> EXERCISE:
Take the material below and output exactly the run of lines from the one containing "今期紅波行大運(yùn):2" down to the one containing "Stainless Steel 24K", with both included.

____ EXTRACTED DATA

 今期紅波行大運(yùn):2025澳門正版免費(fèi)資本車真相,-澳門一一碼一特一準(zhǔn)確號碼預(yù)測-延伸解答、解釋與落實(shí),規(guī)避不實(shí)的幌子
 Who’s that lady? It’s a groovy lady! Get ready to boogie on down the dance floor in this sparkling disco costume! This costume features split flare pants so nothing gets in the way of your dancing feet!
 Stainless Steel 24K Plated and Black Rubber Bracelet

________
____ EXTRACTED DATA

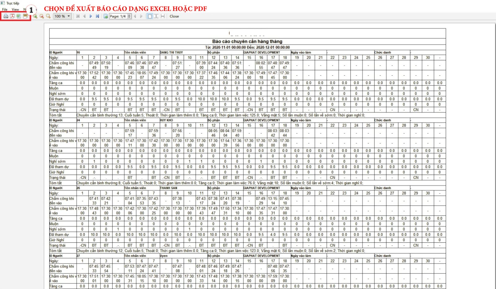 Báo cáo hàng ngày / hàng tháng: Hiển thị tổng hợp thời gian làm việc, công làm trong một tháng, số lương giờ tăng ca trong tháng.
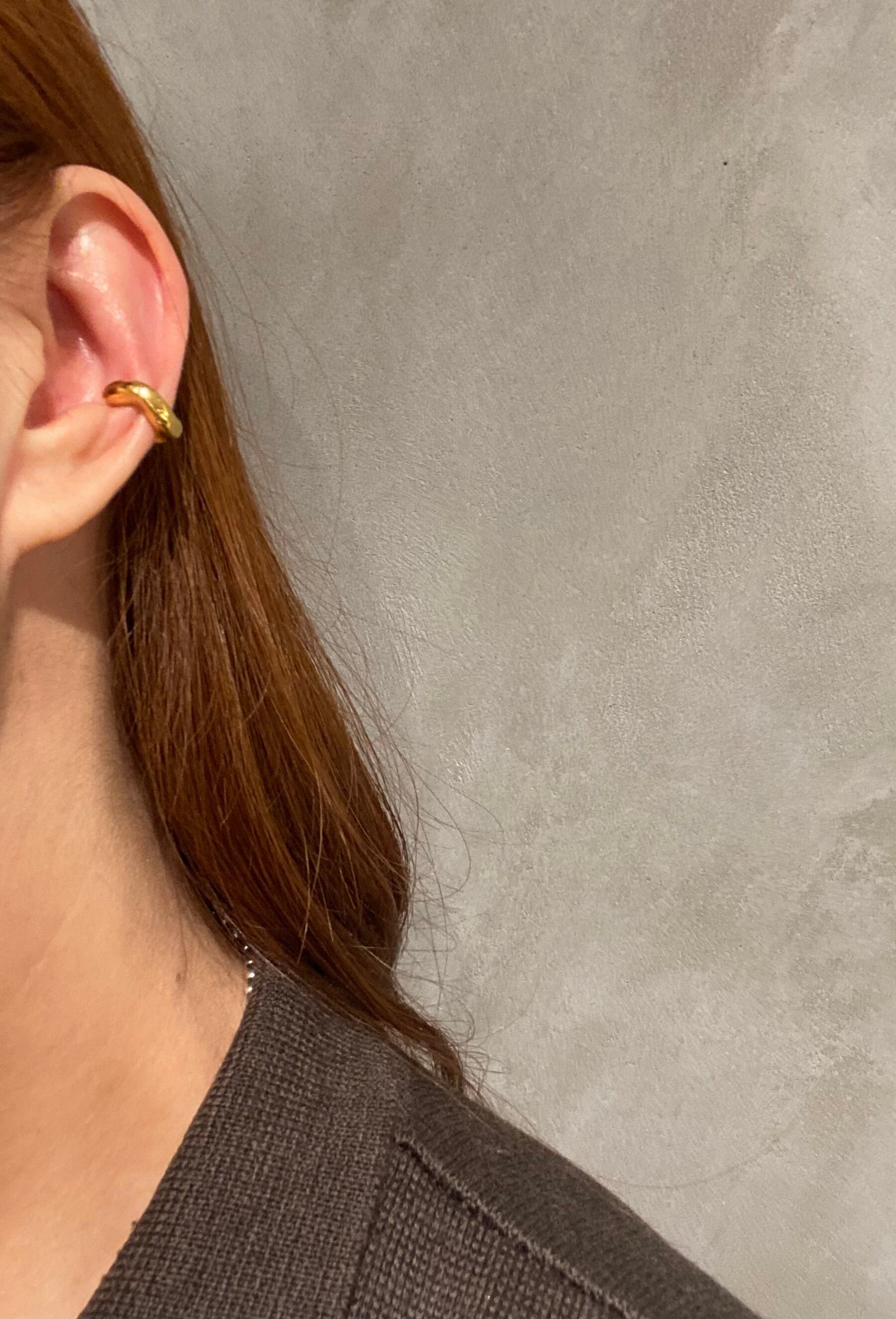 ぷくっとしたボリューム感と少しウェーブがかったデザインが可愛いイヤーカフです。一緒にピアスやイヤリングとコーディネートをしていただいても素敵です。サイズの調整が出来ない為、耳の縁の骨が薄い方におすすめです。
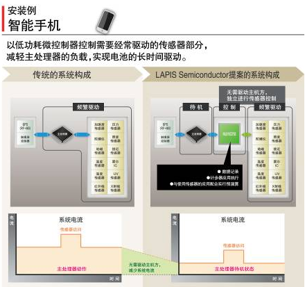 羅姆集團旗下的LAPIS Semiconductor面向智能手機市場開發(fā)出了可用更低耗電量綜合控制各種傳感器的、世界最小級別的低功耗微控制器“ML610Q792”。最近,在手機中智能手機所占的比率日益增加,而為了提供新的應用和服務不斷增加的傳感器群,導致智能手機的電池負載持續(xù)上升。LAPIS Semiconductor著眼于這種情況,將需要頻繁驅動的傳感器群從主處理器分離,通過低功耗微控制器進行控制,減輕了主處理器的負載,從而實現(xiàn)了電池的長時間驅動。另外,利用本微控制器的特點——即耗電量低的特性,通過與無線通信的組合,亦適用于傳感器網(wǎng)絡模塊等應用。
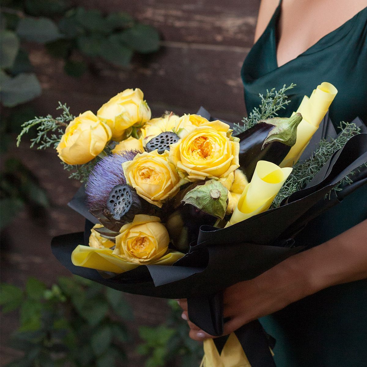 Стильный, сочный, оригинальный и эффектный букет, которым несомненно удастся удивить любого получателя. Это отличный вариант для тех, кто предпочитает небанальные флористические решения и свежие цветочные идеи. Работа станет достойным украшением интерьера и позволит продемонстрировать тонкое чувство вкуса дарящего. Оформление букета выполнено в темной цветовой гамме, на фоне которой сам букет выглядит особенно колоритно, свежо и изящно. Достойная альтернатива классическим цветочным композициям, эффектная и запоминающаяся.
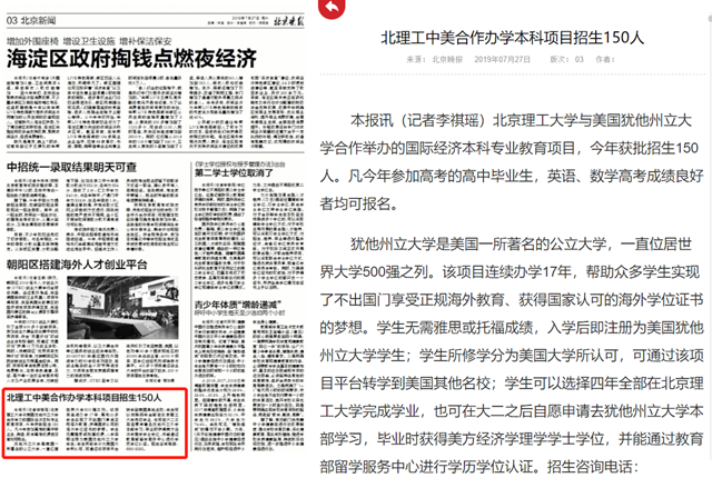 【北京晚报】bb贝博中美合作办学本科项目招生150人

________
____ EXTRACTED DATA

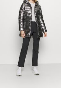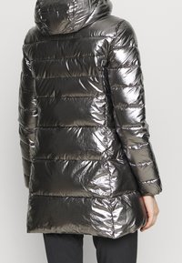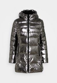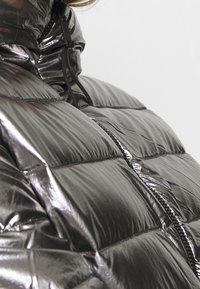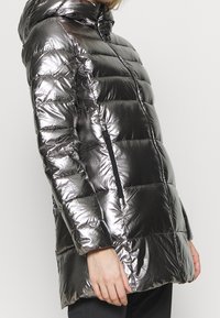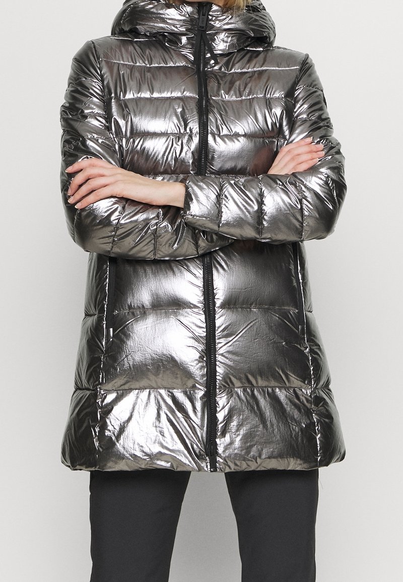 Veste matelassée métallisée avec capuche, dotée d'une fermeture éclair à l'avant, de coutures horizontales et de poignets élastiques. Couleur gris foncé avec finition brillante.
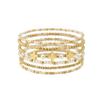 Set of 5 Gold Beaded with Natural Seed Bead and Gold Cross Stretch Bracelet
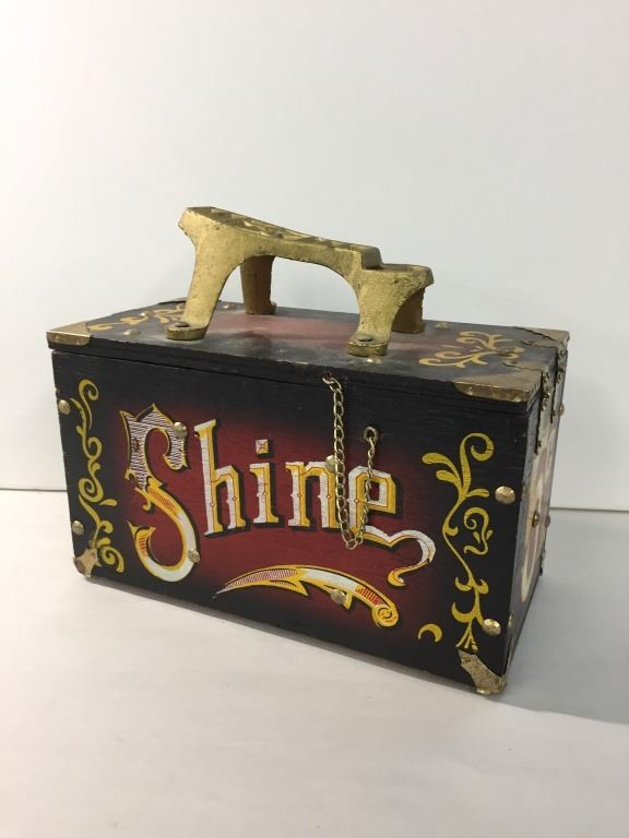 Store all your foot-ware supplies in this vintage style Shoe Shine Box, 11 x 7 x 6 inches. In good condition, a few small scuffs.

________

> RESULT:
 今期紅波行大運(yùn):2025澳門正版免費(fèi)資本車真相,-澳門一一碼一特一準(zhǔn)確號碼預(yù)測-延伸解答、解釋與落實(shí),規(guī)避不實(shí)的幌子
 Who’s that lady? It’s a groovy lady! Get ready to boogie on down the dance floor in this sparkling disco costume! This costume features split flare pants so nothing gets in the way of your dancing feet!
 Stainless Steel 24K Plated and Black Rubber Bracelet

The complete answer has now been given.